What is expected: Your task is to transcribe exactly, and only, the lines running from the one with "Az ötödik napon" to the end of the listing below, inclusive, with every picture left out.
━━━━
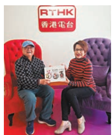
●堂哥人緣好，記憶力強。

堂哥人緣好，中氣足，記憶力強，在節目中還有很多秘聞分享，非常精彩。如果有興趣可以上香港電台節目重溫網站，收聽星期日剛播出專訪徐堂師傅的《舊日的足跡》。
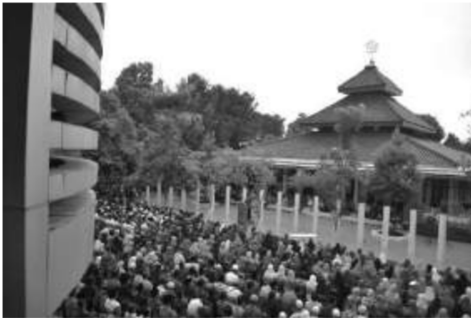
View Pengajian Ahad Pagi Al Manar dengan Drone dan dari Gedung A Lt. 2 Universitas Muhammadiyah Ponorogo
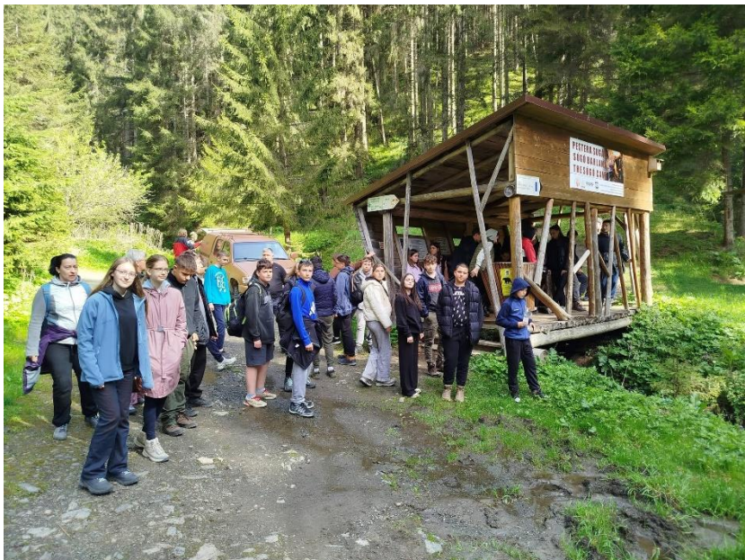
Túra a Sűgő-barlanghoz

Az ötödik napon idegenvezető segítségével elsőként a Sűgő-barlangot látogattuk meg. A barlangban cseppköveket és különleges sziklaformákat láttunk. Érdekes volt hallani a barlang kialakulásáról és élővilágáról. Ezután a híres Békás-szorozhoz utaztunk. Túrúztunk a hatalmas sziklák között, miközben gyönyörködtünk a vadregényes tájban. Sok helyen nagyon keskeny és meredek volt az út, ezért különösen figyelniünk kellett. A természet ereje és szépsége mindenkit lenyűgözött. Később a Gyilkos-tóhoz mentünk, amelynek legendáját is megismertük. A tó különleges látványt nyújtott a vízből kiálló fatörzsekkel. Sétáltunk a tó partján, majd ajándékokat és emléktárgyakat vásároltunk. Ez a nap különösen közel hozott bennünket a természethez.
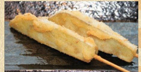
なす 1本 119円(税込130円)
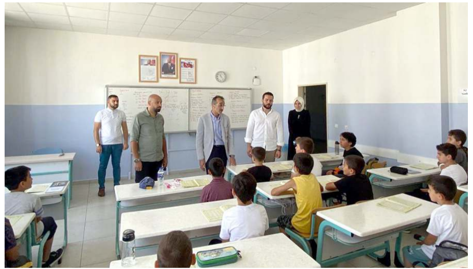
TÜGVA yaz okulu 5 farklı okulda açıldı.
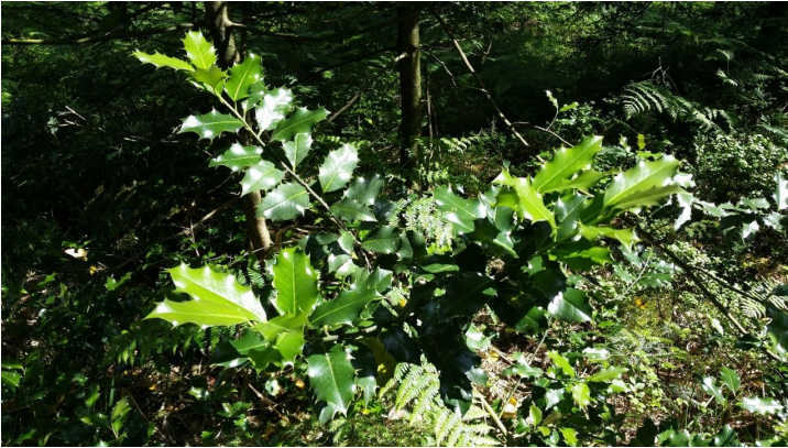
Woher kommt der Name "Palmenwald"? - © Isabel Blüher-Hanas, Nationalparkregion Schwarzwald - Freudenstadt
━━━━
Answer for the task:
Az ötödik napon idegenvezető segítségével elsőként a Sűgő-barlangot látogattuk meg. A barlangban cseppköveket és különleges sziklaformákat láttunk. Érdekes volt hallani a barlang kialakulásáról és élővilágáról. Ezután a híres Békás-szorozhoz utaztunk. Túrúztunk a hatalmas sziklák között, miközben gyönyörködtünk a vadregényes tájban. Sok helyen nagyon keskeny és meredek volt az út, ezért különösen figyelniünk kellett. A természet ereje és szépsége mindenkit lenyűgözött. Később a Gyilkos-tóhoz mentünk, amelynek legendáját is megismertük. A tó különleges látványt nyújtott a vízből kiálló fatörzsekkel. Sétáltunk a tó partján, majd ajándékokat és emléktárgyakat vásároltunk. Ez a nap különösen közel hozott bennünket a természethez.
なす 1本 119円(税込130円)
TÜGVA yaz okulu 5 farklı okulda açıldı.
Woher kommt der Name "Palmenwald"? - © Isabel Blüher-Hanas, Nationalparkregion Schwarzwald - Freudenstadt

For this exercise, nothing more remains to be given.